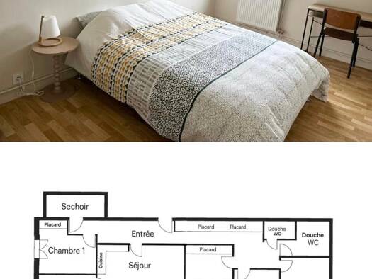 1 chambre à louer dans notre appartement de 3 chambres en tout, en colocation. L’appartement a été récemment rénové et meublé à neuf et avec goût. Il est situé rue Marcelin Berthelot, au 4e étage et dernier étage avec vue dégagée, à deux pas de la place Napoléon et des principales écoles de La Roche sur Yon (ICES, ICAM, IFSI, Audencia). Pièce de vie de 30 m² sur parquet comprenant : - Cuisine ouverte, entièrement aménagée et équipée : frigo, congélateur, four, micro-ondes, lave-vaisselle, lave-...
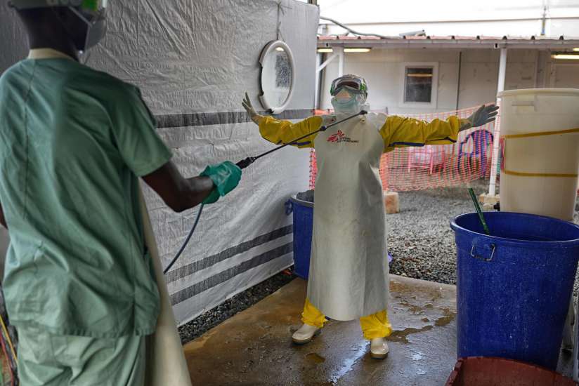 A Medecins Sans Frontiers (MSF) health worker gets disinfected with chlorine as they high risk zone at the MSF Ebola treatment center in Conakry
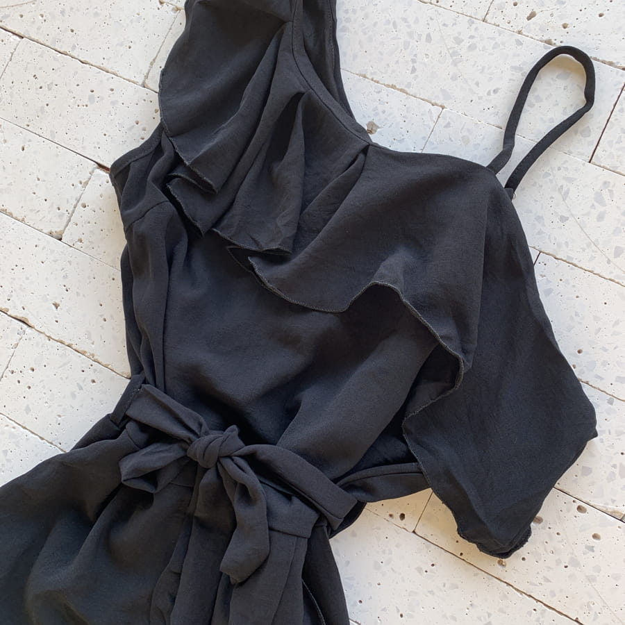 VESTIDO MIDI BABADOS E AMARRAÇÃO PRETO
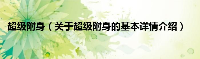 本文关于超级附身的基本详情介绍就讲解完毕,希望对大家有所帮助。
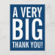 Thank you postcards with big letter typography. Cute modern thankyou cards for thanking wedding guests, friends, family, coach, mum, dad, teacher, nurse, boss, employee etc. Text design with modern big letter typography and custom colour in the background. ie navy blue. Customisable thanks message on the back. Perfect for wedding party, birthday, anniversary, bridal shower, baby shower etc..
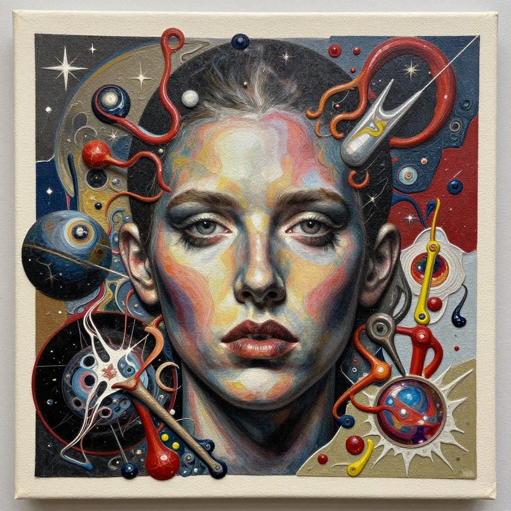 Layered celestial orgasm detailed and highly reliefed analogue mixed media collage with canvas texture in style of contemporary art, punk art, single realistic face, photorealistic, expressionism, masterpiece, perfect composition, hd quality, intricate details
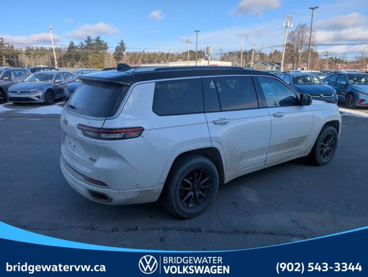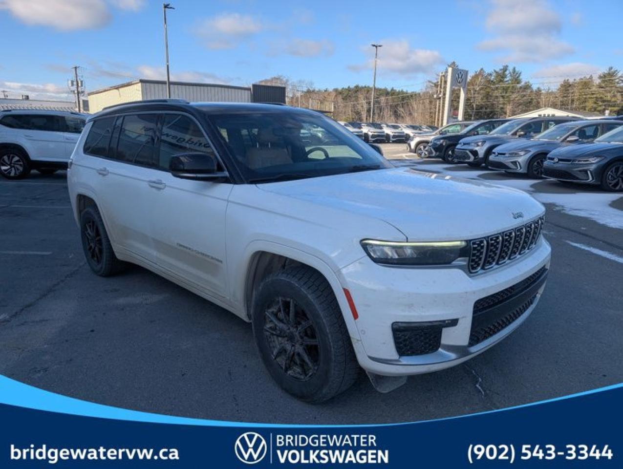 New Price! Bright White Clearcoat 2021 Jeep Grand Cherokee L Summit Apple CarPlay | Android Auto | Sirus XM | Steele Certified 4WD 8-Speed Automatic Pentastar 3.6L V6 VVT Bridgewater Volkswagen, Located in Bridgewater Nova Scotia.10 Speakers, 19 Speaker McIntosh Audio System, 2nd Row Manual Window Shades, 3.45 Rear Axle Ratio, 3rd row seats: split-bench, 4-Wheel Disc Brakes, ABS brakes, Adaptive suspension, Air Conditioning, Air Suspension Delete Credit, Alloy wheels, AM/FM radio: SiriusXM w/360L, Anti-whiplash front head restraints, Apple CarPlay/Android Auto, Audio memory, Auto High-beam Headlights, Auto-dimming door mirrors, Auto-dimming Rear-View mirror, Automatic temperature control, Block heater, Brake assist, Bumpers: body-colour, Compass, Delay-off headlights, Driver door bin, Driver vanity mirror, Dual front impact airbags, Dual front side impact airbags, Electronic Stability Control, Four wheel independent suspension, Front anti-roll bar, Front Bucket Seats, Front dual zone A/C, Front fog lights, Front reading lights, Fully automatic headlights, Garage door transmitter, Genuine wood dashboard insert, Genuine wood door panel insert, Heated door mirrors, Heated front seats, Heated rear seats, Heated steering wheel, Illuminated entry, Knee airbag, Leather steering wheel, Low tire pressure warning, Luxury Tech Group V, Memory seat, Nappa Leather-Faced Seats, Navigation System, Normal Duty Suspension, Occupant sensing airbag, Outside temperature display, Overhead airbag, Overhead console, Panic alarm, Passenger door bin, Passenger vanity mirror, Power door mirrors, Power driver seat, Power Liftgate, Power moonroof: CommandView, Power passenger seat, Power steering, Power windows, Quick Order Package 22S Summit, Radio data system, Radio: Uconnect 5 Nav w/10.1" Display, Rain sensing wipers, Rear air conditioning, Rear anti-roll bar, Rear dual zone A/C, Rear reading lights, Rear window defroster, Rear window wiper, Reclining 3rd row seat, Remote keyless entry, Roof rack: rails only, Security system, Speed control, Speed-Sensitive Wipers, Split folding rear seat, Spoiler, Steering wheel memory, Steering wheel mounted audio controls, Tachometer, Telescoping steering wheel, Tilt steering wheel, Traction control, Trailer Hitch Zoom, Trailer Tow Prep Group, Trip computer, Turn signal indicator mirrors, Variably intermittent wipers, Ventilated front seats, Voltmeter, Wheels: 20" x 8.5" Fully Polished Aluminum, Wireless Charging Pad.Certification Program Details: 150 Points Inspection Fresh Oil Change Free Carfax Full Detail 2 years MVI Full Tank of Gas The 150+ point inspection includes: Engine Instrumentation Interior components Pre-test drive inspections The test drive Service bay inspection Appearance Final inspection
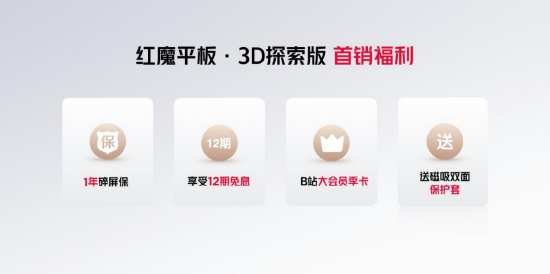 红魔平板·3D探索版9月5日16:00在红魔官网、红魔京东官方旗舰店等全渠道正式开售,12+256G售价6499元,16+512G售价7299元,多款配件同步上线,首销可享12期免息、1年碎屏保、B站大会员季卡等多重好礼等福利。
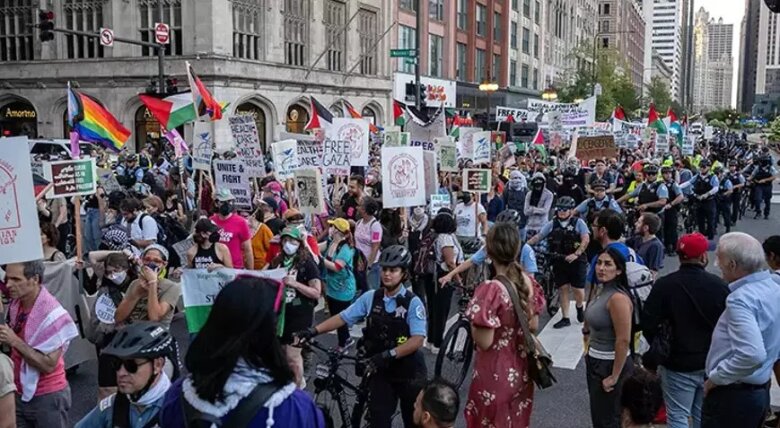 Demokrat Partiyasının prezidentliyə namizədini rəsmən elan edəcəyi dörd günlük qurultayın başlamasına bir neçə saat qalmış Çikaqoda keçirilən etiraz aksiyasında nümayişçilər Kamala Harrisdən Qəzzada müharibəyə son qoymağı tələb ediblər.
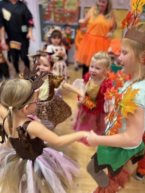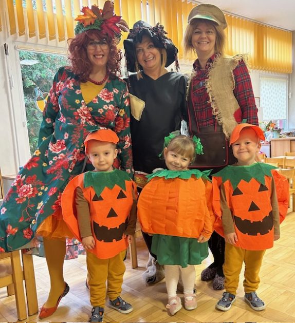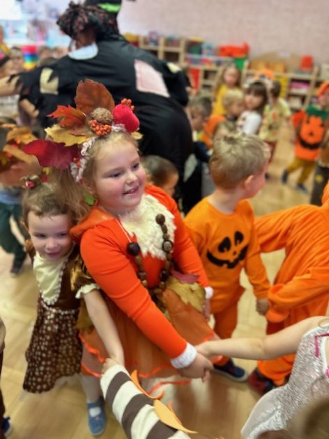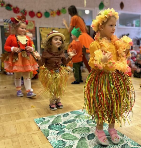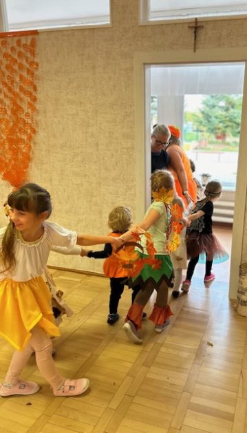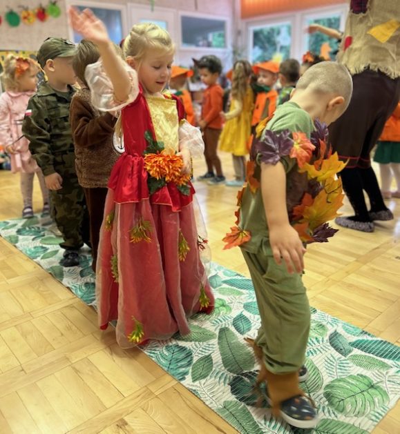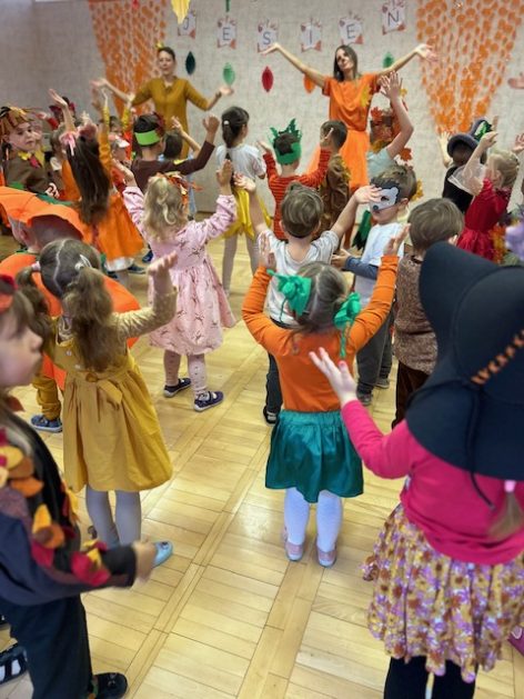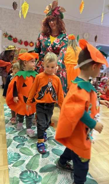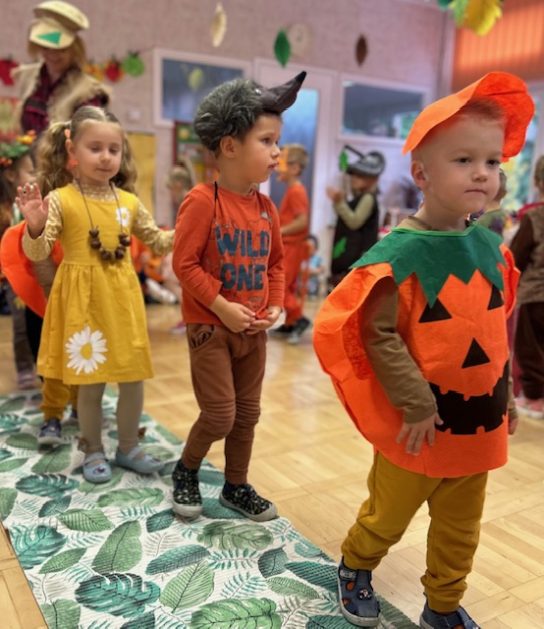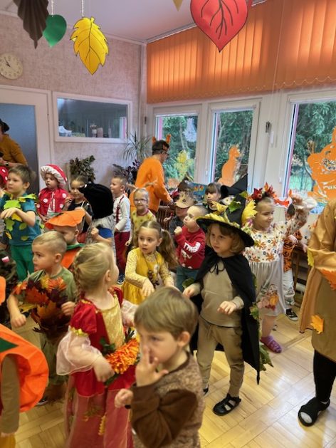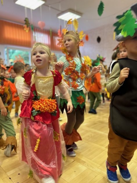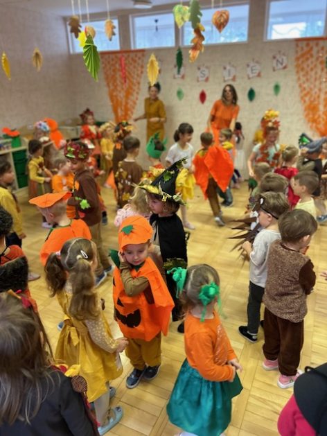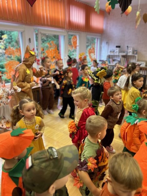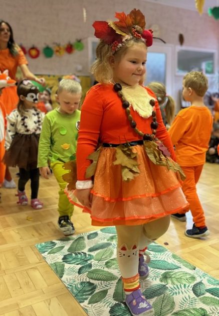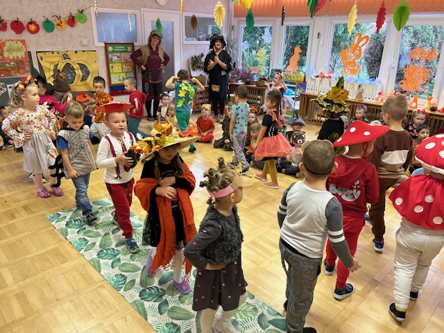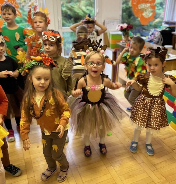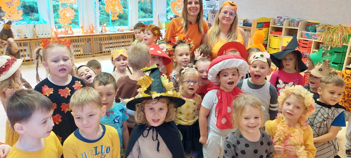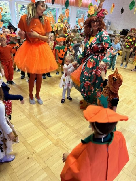 23 października w naszym przedszkolu odbył się Bal Jesieni. Wszyscy udowodnili, że jesień nie musi być szara, bura i ponura! W tym roku przecież Pani Jesień jest wyjątkowo kolorowa i radosna a kolorem przewodnim na balu – był pomarańczowy! Dzieci, Pani dyrektor, nauczycielki jak i cały personel przybył ubrany w jesienne stroje. Na balu królowały zabawy przy muzyce i jesiennych piosenkach. Pani Jesień zadbała, by dla wszystkich znalazło się na balu coś ciekawego, a więc była także gimnastyka umysłu , dzieci rozwiązywały zagadki o tematyce jesiennej, podczas którego utrwalały zdobyte wiadomości, nie zabrakło też innych atrakcji takich jak: konkursy oraz pokaz mody, na którym dzieci zaprezentowały swoje jesienne stylizacje. Uśmiechnięte buzie wszystkich przedszkolaków to najlepszy dowód na to, że bal był udany!
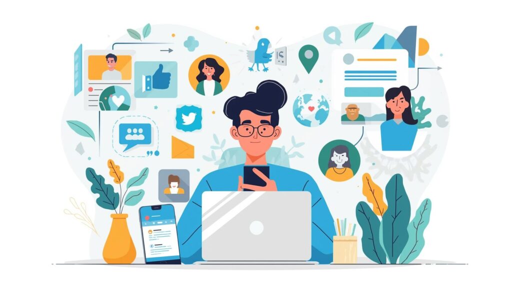 Illustration of people connecting and sharing online, symbolizing community growth by a social media specialist in Kolkata.
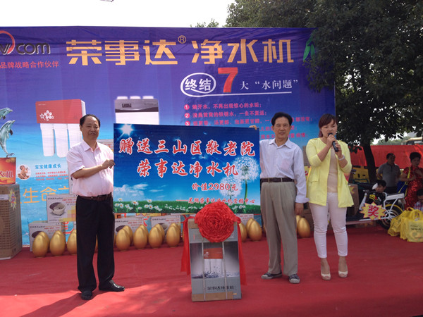 荣事达水工业公司一直践行公益,关注社会弱势群体饮水安全,芜湖营销管理中心自成立以来,开展了各种形式的公益活动。7月上旬,荣事达净水机携手芜湖市老年协会到三山敬老院进行慰问演出,为老人们奉上了精彩的歌舞表演,给他们带去了欢乐,并向该院捐赠了净水机,让老人们能喝上放心水。
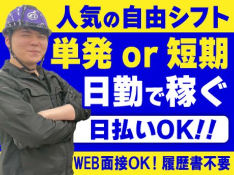 短期/単発OK!日数・曜日など自由!働きたいタイミングでOK!初回登録時2000円支給!日払いOK
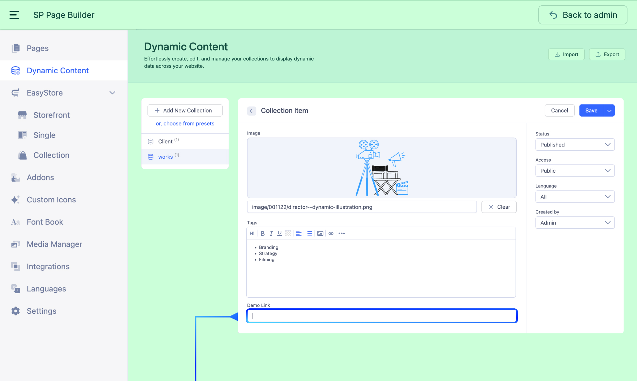 4. Set the Collection Source to the one that includes your Link field. For example, we'll set the source to "Works", since the Link fields are included within the Works collection.
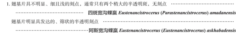 【形态特征】 唇基宽大于长,端缘弧形凹陷;雄性触角第13节向后折回呈钩状。翅基片后缘超过旁翅基片后缘;前胸背板无翅基片前脊;宽沟蜾蠃指名亚属Eustenancistrocerus的翅基片具密集、发达呈筛状的半透明刻点,旁宽沟蜾蠃亚属Parastenancistrocerus翅基片具不明显、细且浅的刻点,通常只有两个稍大的半透明斑。腹部第1节背区与前斜面具横脊分界,横脊与背区在同一水平面。

--------------------------------

Problem to work on
Return only the lines running from the start of the entries above to the line that contains "Thank you postcards", inclusive, and omit every picture.

Reply to the exercise
 1 chambre à louer dans notre appartement de 3 chambres en tout, en colocation. L’appartement a été récemment rénové et meublé à neuf et avec goût. Il est situé rue Marcelin Berthelot, au 4e étage et dernier étage avec vue dégagée, à deux pas de la place Napoléon et des principales écoles de La Roche sur Yon (ICES, ICAM, IFSI, Audencia). Pièce de vie de 30 m² sur parquet comprenant : - Cuisine ouverte, entièrement aménagée et équipée : frigo, congélateur, four, micro-ondes, lave-vaisselle, lave-...
 A Medecins Sans Frontiers (MSF) health worker gets disinfected with chlorine as they high risk zone at the MSF Ebola treatment center in Conakry
 VESTIDO MIDI BABADOS E AMARRAÇÃO PRETO
 本文关于超级附身的基本详情介绍就讲解完毕,希望对大家有所帮助。
 Thank you postcards with big letter typography. Cute modern thankyou cards for thanking wedding guests, friends, family, coach, mum, dad, teacher, nurse, boss, employee etc. Text design with modern big letter typography and custom colour in the background. ie navy blue. Customisable thanks message on the back. Perfect for wedding party, birthday, anniversary, bridal shower, baby shower etc..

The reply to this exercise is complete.